Quel pourrait être le rôle du médecin face à une nouvelle approche visant la longévité ? En prévention dite primaire, c’est-à-dire avant que ne survienne la maladie, le médecin doit pouvoir intervenir en amont de celle-ci. Il pourra identifier les « terrains » prédisposant l’apparition des problèmes de l’individu qui le consulte. En prévention secondaire, c’est-à-dire lorsque la maladie ou la dysfonction survient, il doit pouvoir intervenir pour ramener l’équilibre perdu, autant que se peut : on vise ici la « guérison » proprement dite. Pour la prévention tertiaire, il participera à « limiter les dégâts » et aider l’individu en développant des scénarios d’adaptation lui permettant de mieux vivre avec sa ou ses maladies, sans prétendre les guérir. On vise ici, bien sûr, les maladies dites dégénératives ayant évolué durant plusieurs années et produit des séquelles irréversibles.

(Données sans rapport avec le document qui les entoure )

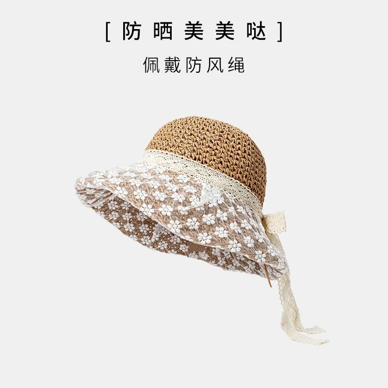 six-flap lace straw hat-beige
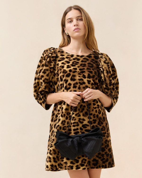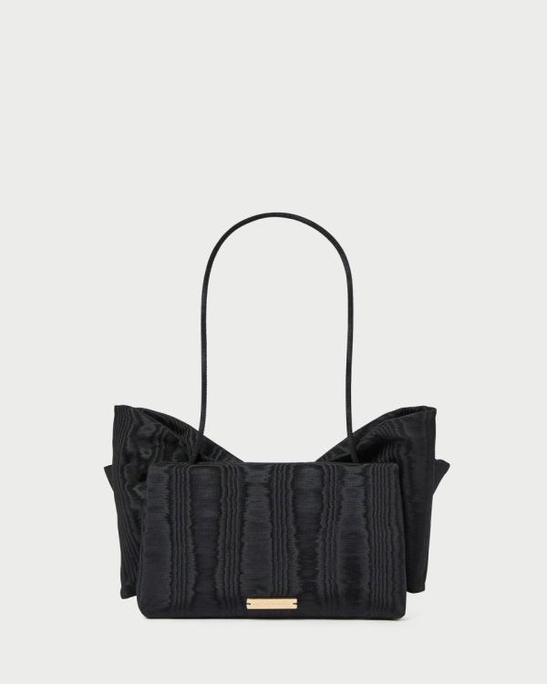 Clutch in black Italian moiré with a statement bow. Features a shoulder strap, full lining, magnetic closure, and exterior metal logo plaque.
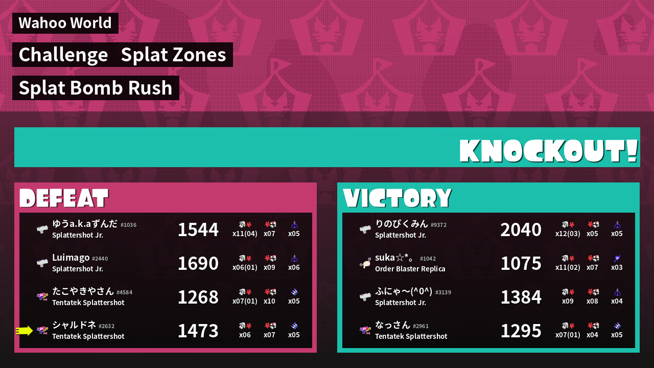 | Challenge | Splat Bomb Rush Let the Splat Bombs fly in this free-for-all! | ||

Le travail du médecin, dans l’ensemble de ces trois sphères préventives, se situe d’abord et avant tout dans l’établissement de diagnostics, en utilisant tous les moyens à sa disposition. Ce diagnostic tiendra compte des habitudes de vie, des antécédents personnels, médicaux et chirurgicaux, et possiblement génétiques. Les facteurs familiaux sont également importants pour cibler les zones de vulnérabilité de la personne qui consulte.

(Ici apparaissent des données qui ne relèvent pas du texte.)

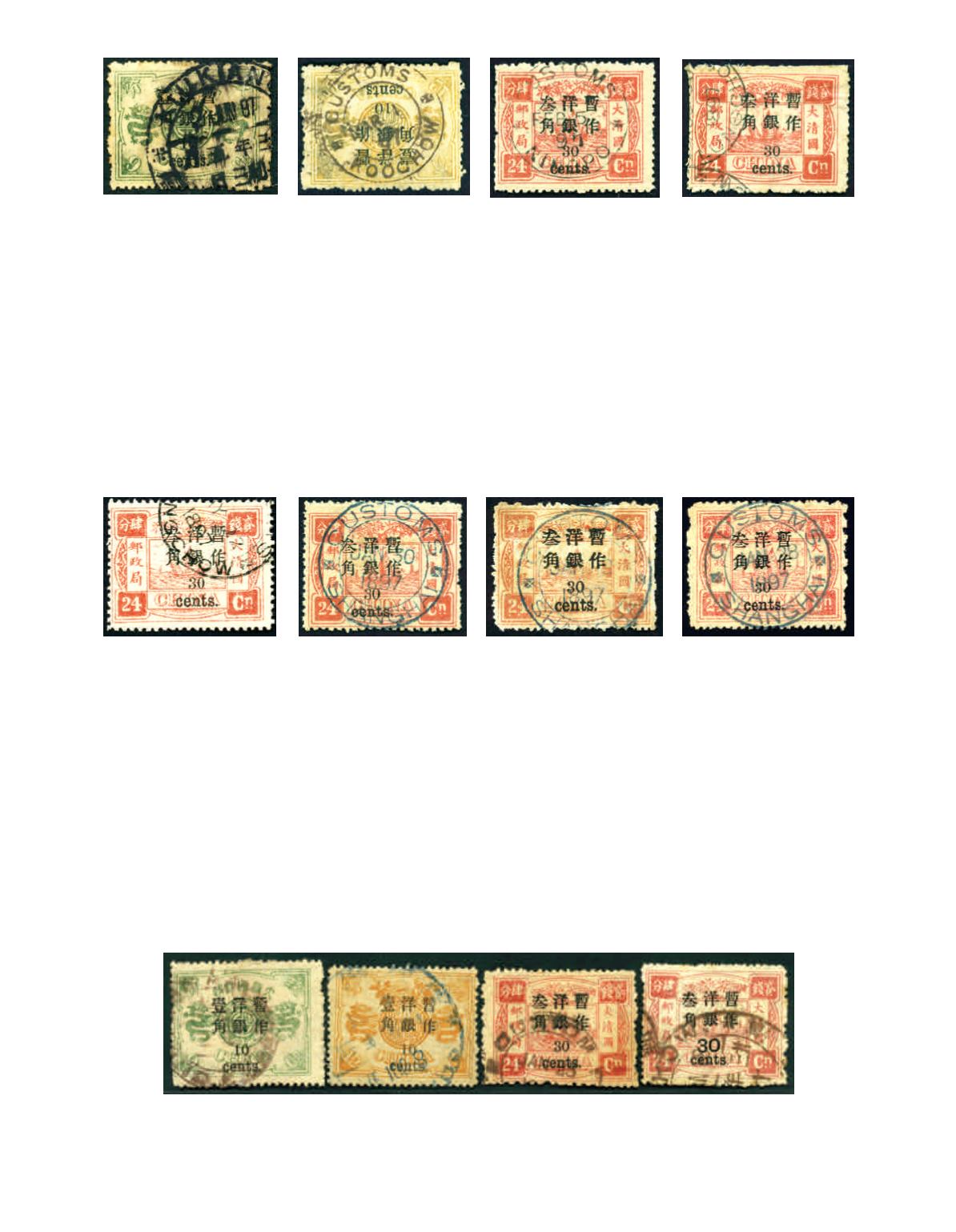 1897 Dowager small figures surcharged, 10c on 9 cands, 10c and 12 cands and 30c on 24 cands and large figures surcharged wide

Une fois les diagnostics posés, de même que les terrains de prédilection établis, les médecins pourront suggérer des approches préventives ou curatives ciblant les interventions propres à courcircuiter les maladies dites dégénératives ayant une incidence sur la qualité et la durée de la vie.

Dans un deuxième temps, le médecin devra stabiliser ou traiter le patient afin de ramener l’équilibre compromis. La troisième action sera d’établir un plan de suivi et de traitement apte à préserver toute détérioration dans les fonctions physiologiques, tant au niveau physique, psychique, ou social, car ces trois dimensions sont interreliées et fondamentales au maintien d’une santé optimale.

Comment le médecin peut-il inclure le volet longévité aux éléments cités précédemment ? On connaît de plus en plus les voies métaboliques du vieillissement et il devient d’ores et déjà possible d’intervenir sur celles-ci et de retarder l’apparition des maladies dégénératives. Le médecin peut ainsi identifier les terrains spécifiques à certaines maladies que pourrait développer son patient, mais aussi agir de façon non spécifique sur le vieillissement cellulaire. Cette dernière fonction pourrait s’avérer grandement préventive quant à sa capacité de préserver l’intégrité de la fonction cellulaire. Ceci pourrait bien constituer l’ultime prévention. Ainsi, en guise d’exemple, un patient avec prédilection pour l’ostéoarthrite pourrait recevoir par exemple des extraits des polyphénols d’olive (action globale), en même temps que des agents agissant spécifiquement sur l’inflammation, comme la griffe du diable ou le curcuma. Le postulat de base est ici de nuire le moins possible à d’autres fonctions essentielles, en utilisant d’abord des produits exempts d’effets secondaires qui viendraient diminuer leur intérêt. Comme le dit le vieil adage énoncé par Hippocrate : « Primum non nocere » : en premier, ne pas nuire. Certains produits naturels présentent des avantages indéniables et bien décrits pas la science, de par leur innocuité en comparaison avec des molécules plus lourdes, avec plus d’effets indésirables. Les solutions initiales devraient inclure davantage de stratégies sans potentiel de préjudice défavorable pour le patient. En cas d’insuccès pourra-t-on considérer des molécules plus « dures », tout en limitant le plus possible leur impact négatif.